A skill is a saved, reusable set of instructions that tells an AI agent how to complete a specific task the same way every time. A prompt is a one-off question or request you type into a conversation. The difference is like the difference between a recipe card and asking someone “what should I cook tonight?”
Prompts Are One-Time Requests
When you type “write me a welcome email for new community members” into Claude or ChatGPT, that’s a prompt. It works fine for that one conversation, but next week when you need another welcome email, you have to explain the format, tone, length, and audience all over again. Every prompt starts from scratch.
Prompts are great for exploration — brainstorming ideas, asking questions, working through a problem in real time. But they’re not efficient for tasks you repeat regularly. It’s like verbally explaining your grading rubric to a new teaching assistant every single class instead of writing it down once.
Skills Are Reusable Workflows
A skill packages all those instructions into a file the agent reads automatically. It defines the task, the format, the quality standards, the tools to use, and the expected output. When you trigger a skill, the agent already knows what to do — no re-explaining needed.
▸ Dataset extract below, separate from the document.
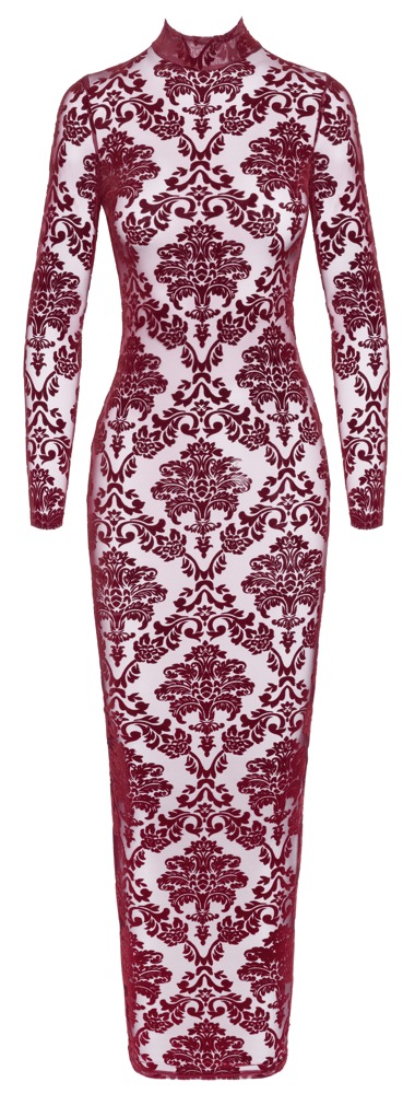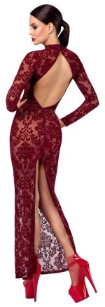 The long-sleeved, tapered dress Kink Royal from Noir is ankle-length and in a breathtaking burgundy red colour. It is also decorated with velvet flock print as well. It is soft and stretchy for a very comfortable fit and freedom of movement. There is a large cut-out at the back. It also has an elegant stand-up collar with a hook fastener at the back. The very high slit at the back of this skin-tight dress ensures optimum freedom of movement and adds the finishing touch to this seductive look.

For example, a “video announcement email” skill might include: pull the video title and description, write a subject line under 50 characters, draft a 150-word email in the TrainingSites voice, format it for FluentCRM, and include a single call-to-action button. Every time you trigger that skill, the agent follows those same steps and produces a consistent result. You built the instructions once and reuse them dozens of times.
What This Means for Educators
As a course creator or coach, skills are where agents become genuinely time-saving. Instead of re-prompting every time you need a community post, an email draft, or a lesson outline, you build a skill once and trigger it with a short phrase. Your agent becomes more like a trained team member who knows your standard operating procedures, not a stranger you have to brief from zero every time.
What to Do Next
Start by identifying the three tasks you repeat most often in your business. Write out the instructions you’d give a human assistant to do each one. That written instruction set is essentially a skill — now save it where your agent can read it, and you’ve just automated a recurring workflow.